Now the vote goes to the classes (see: presbyteries) where 2/3 of them need to vote to approve the removal for this vote to return to General Synod 2013 for another vote. There are 45 classes so the proposed elimination requires approval by 30 of them. It is my guess that the 30 vote threshold will be met. I believe this for a number of reasons, but that's a post for another day.
Then the issue returns to General Synod 2013 for another vote requiring 50%+1.
Here's the insight I wanted to get to. Let's say for the sake of the argument that the 30 classis requirement is met. In this case it returns, once more, for final approval at the next General Synod. This requirement is found in the very last section of the General Synod section of the BCO. The problem here is that, as of late, there has been a very significant misunderstanding of this final vote. At this past synod the president of the synod opined that this vote was nothing more than a certification that the proper process was followed and that the two-thirds classis vote was achieved. However, she was not in-line in making this assertion. Certainly you can find that mindset stated nowhere in the BCO itself and Dr. Allan Janssen speaks directly contrary to that in his commentary on the BCO.

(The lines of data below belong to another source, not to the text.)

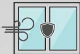
Resistance to Wind Load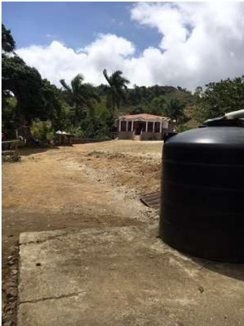
A view of the clinic from our quarters.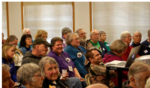
Happy faces, happy people !That must have been a beautiful picture on the screen!

"The second synod's action is a 'declarative resolution.' Too often, that has been taken to be little more than a ratification of the broader church's wisdom as reflected by the vote of the classes. The declarative resolution should not, however, be viewed as a mere formality. The wording of this section makes clear that the second synod's action is taken 'at it's discretion,' and that it 'may' make its declarative action. Thus, the order allows for second thought on the part of the synod. The final vote remains the responsibility of that assembly and ought not to be taken lightly." (p.260)
If, as I expect, the classes vote to approve it would serve us well to keep this in mind and to come prepared ready to make a full (and better!) defense of the clauses at General Synod 2013. At the very least we should be prepared to set the record straight on the responsibility of the second synod in the decision making process.